I think that's reasonable, but then they should have the ability for the agent to, on the next call, override it. Even if it requires the agent to have read the file once or something.
In the absence of that you end up with what several of the harnesses ended up doing, where an agent will use a million tool calls to very slowly read a file in like 200 line chunks. I think they _might_ have fixed it now (or agent-fixes, my agent harness might be fixing it), but Codex used to do this and it made it unbelievably slow.
> when you run a grep command in a large codebase and end up hitting way too many files, overloading context.
On the other hand, I despise that it automatically pipes things through output-limiting things like `grep` with a filter, `head`, `tail`, etc. I would much rather it try to read a full grep and then decide to filter-down from there if the output is too large -- that's exactly what I do when I do the same workflow I told it to do.
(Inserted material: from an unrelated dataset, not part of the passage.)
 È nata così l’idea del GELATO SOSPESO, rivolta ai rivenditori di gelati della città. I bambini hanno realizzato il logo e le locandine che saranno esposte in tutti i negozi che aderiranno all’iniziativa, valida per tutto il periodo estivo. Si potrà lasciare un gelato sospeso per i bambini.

Why? Because piping through output liming things can hide the scope of the "problem" I'm looking at. I'd rather see the scope of that first so I can decide if I need to change from a tactical view/approach to a strategic view/approach. It would be handy if the agents could do the same thing -- and I suppose they could if I'm a little more explicit about it in my tool/prompt.
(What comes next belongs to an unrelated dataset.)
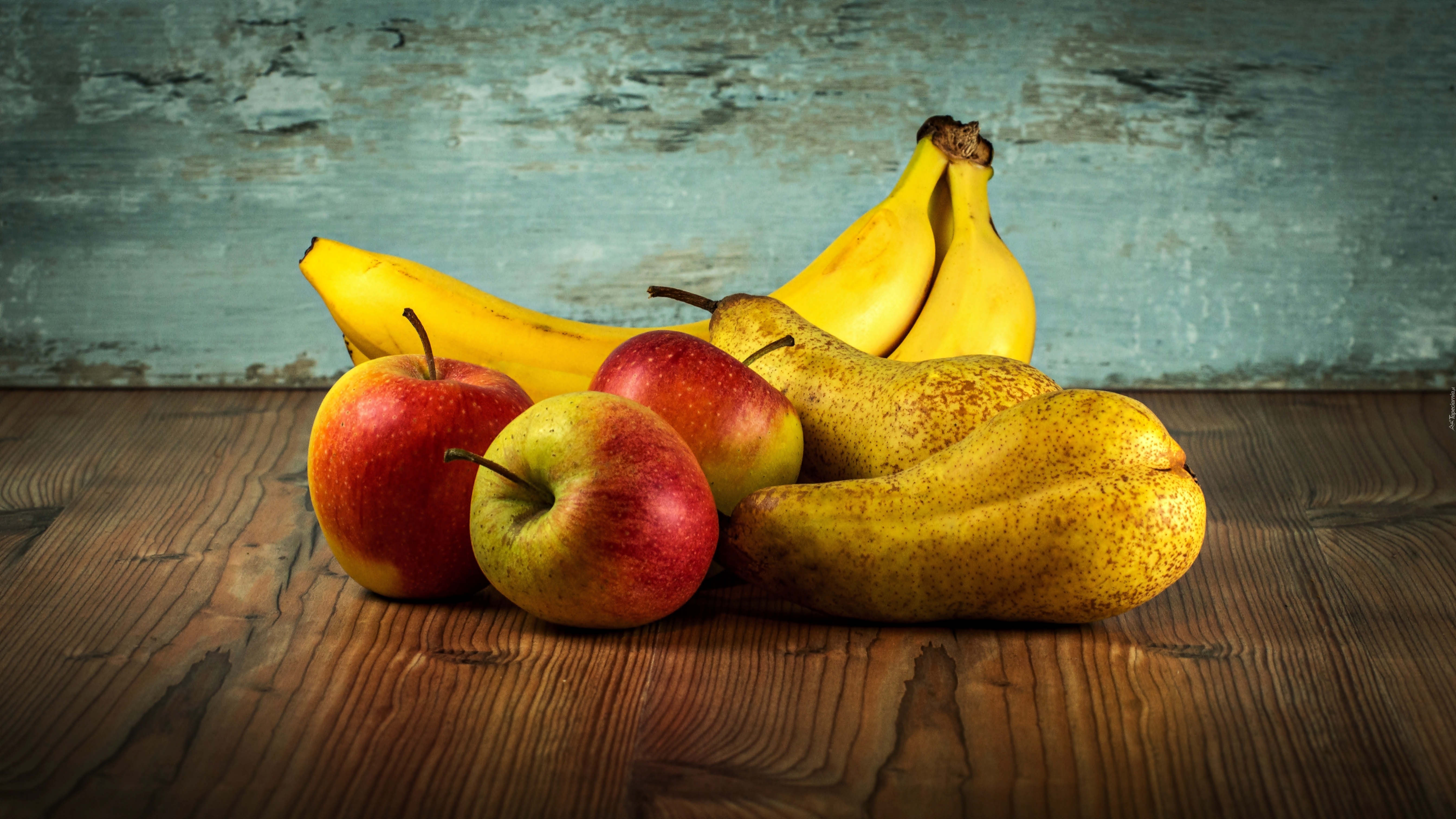 Edytor tapety: Kompozycja, Owoce, Banany, Jabłka, Gruszki

> By 50,000 tokens, your conversation’s costs are probably being dominated by cache reads.
Yeah, it's a well-known problem. Every AI company is working on ways to deal with it, one way or another, with clever data center design, and/or clever hardware and software engineering, and/or with clever algorithmic improvements, and/or with clever "agentic recursive LLM" workflows. Anything that actually works is treated like a priceless trade secret. Nothing that can put competitors at a disadvantage will get published any time soon.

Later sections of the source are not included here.